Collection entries
= = = = = = =

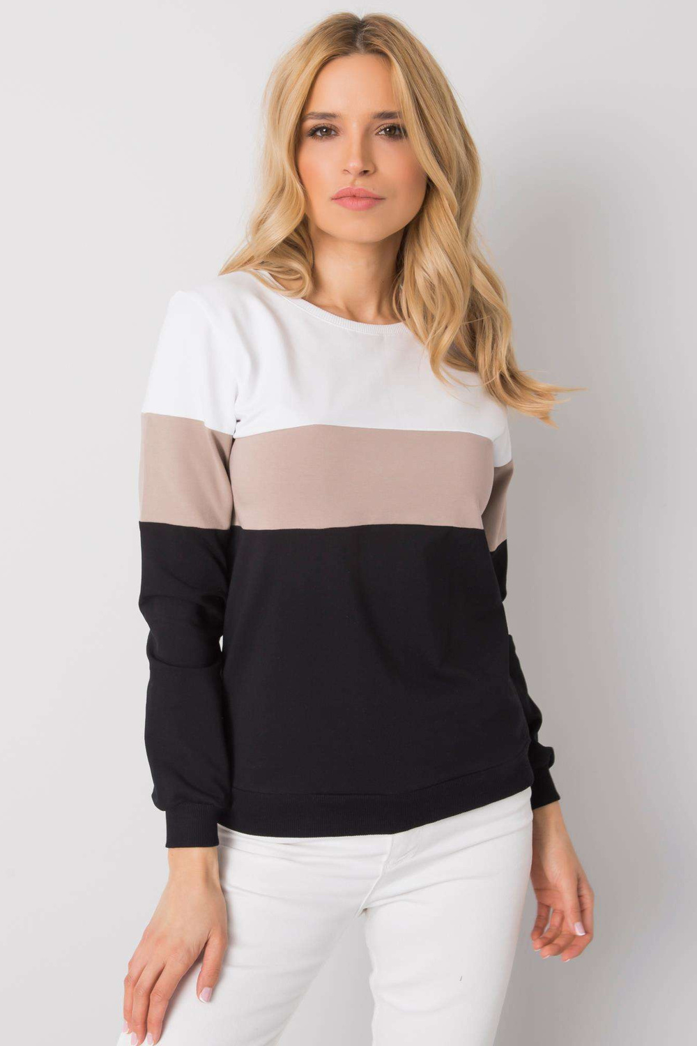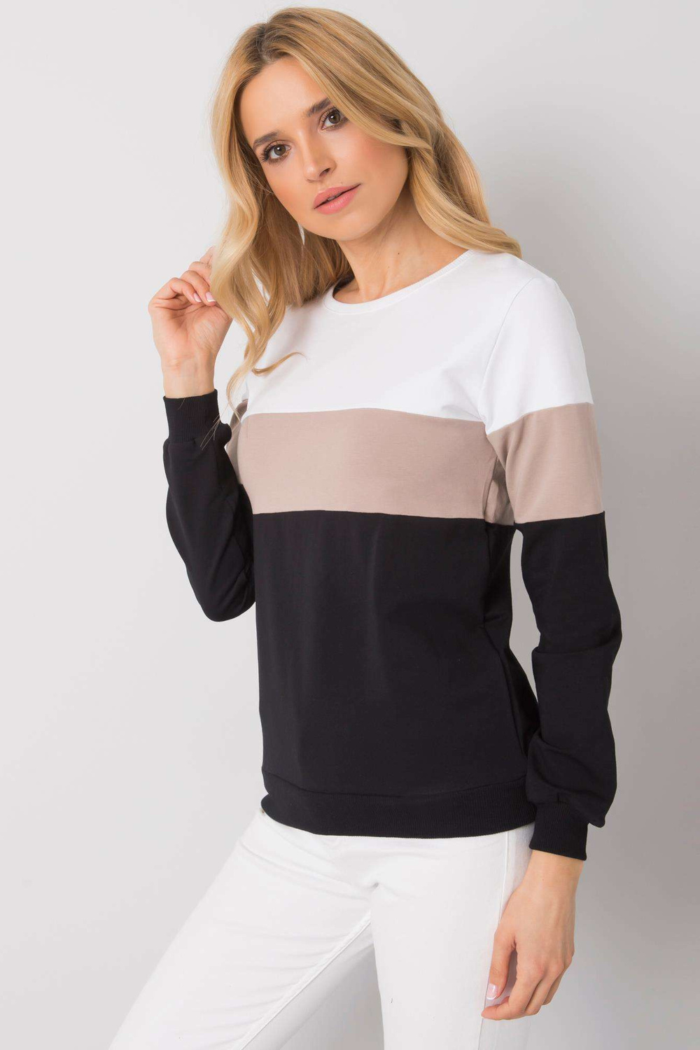 RUE PARIS Juodos ir smėlio spalvos moteriškas megztinis.
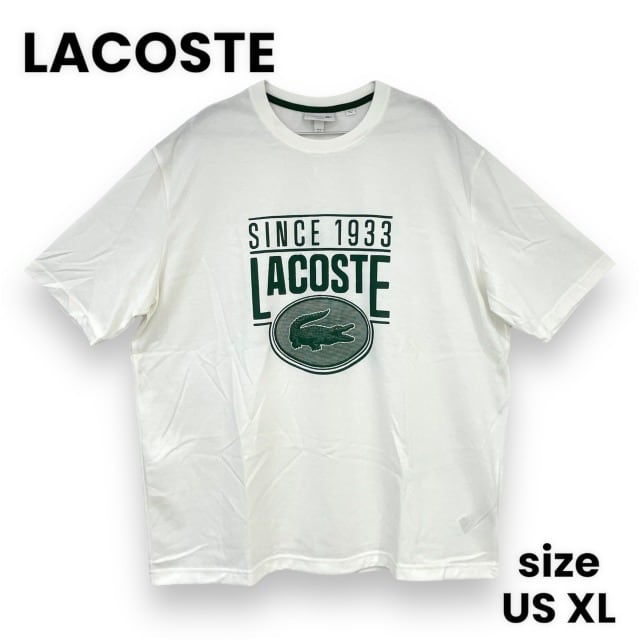 【LACOSTE】ラコステ Tシャツ メンズ トップス アメリカンサイズ XLサイズ ホワイト グリーン ロゴ 半袖 父の日 プレゼント ギフト 海外品 海外輸入 ファッション 100%コットン
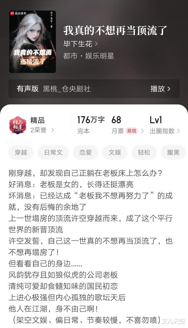 3、《我真的不想再当顶流了》完结“毕下生花”作品,也是多女主文娱。
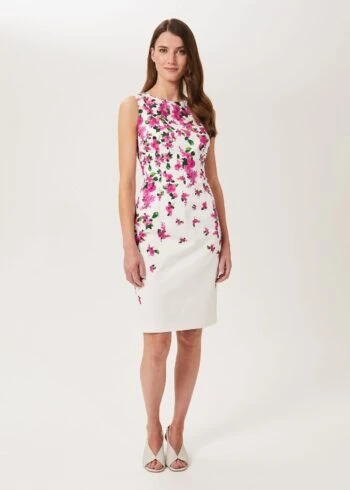 Coast Lisa Tan Premium Hand Embellished Midi Dress, Blush Pink/Multi
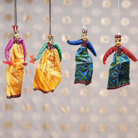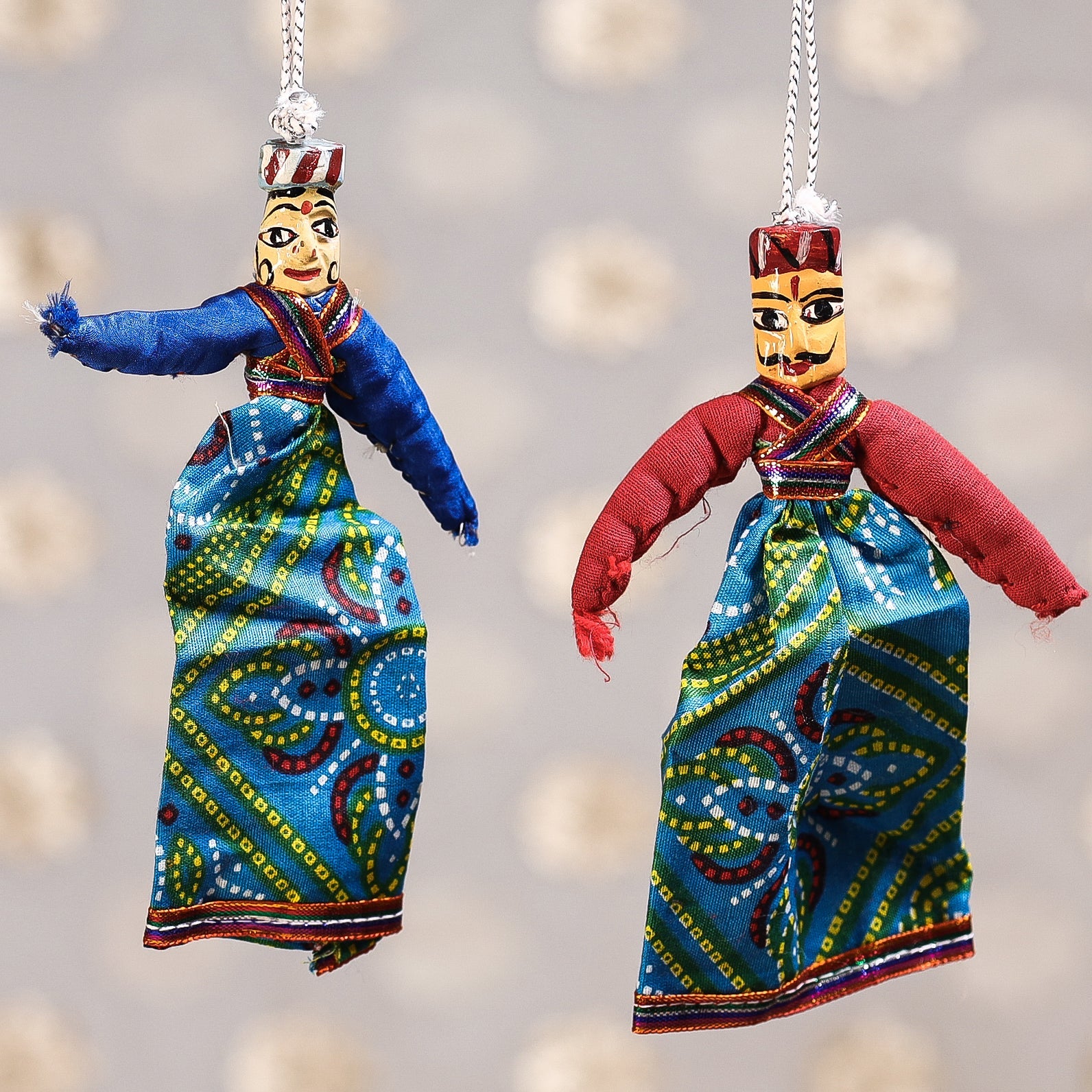 Beautifully handcrafted Rajasthani dancing couple puppet / kathputli (small). In Rajasthan the puppet tradition is called Kathputli, where Kaath means wood and Putli means Puppet. Kathputli means a puppet made out of wood. However Kathputlis typically have wooden torso and shoulders while the legs (absent in the ones based on a female character) and arms are made of clothes stuffed with cotton. Kathputli’s are string puppets controlled by strings which passes from the top of the puppets and manipulated by the puppeteer. These highly decorative handmade puppets are the source of age old tradition of narration of historical stories, myths and legends. The narrations were accompanied with music and dialogues delivered by the group members. Kathputli became one of the most important and well know performing arts of Rajasthan and it represents the tradition, customs and socio-cultural backdrop of the state.
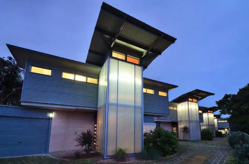 The Crescent Head holiday homes place a tiny resource footprint on our planet, making them world-class examples of green housing. They use recyclable building materials, such as rammed earth walls, and employ passive heating and cooling design to maintain a perfect living temperature.

= = = = = = =

Exercise prompt: Return exactly the lines that appear in the data above between the line containing "海外輸入 ファッション 100%コットン" and the line containing "Coast Lisa Tan", both of which are included, and leave the pictures out.

Answer to this task:
 【LACOSTE】ラコステ Tシャツ メンズ トップス アメリカンサイズ XLサイズ ホワイト グリーン ロゴ 半袖 父の日 プレゼント ギフト 海外品 海外輸入 ファッション 100%コットン
 3、《我真的不想再当顶流了》完结“毕下生花”作品,也是多女主文娱。
 Coast Lisa Tan Premium Hand Embellished Midi Dress, Blush Pink/Multi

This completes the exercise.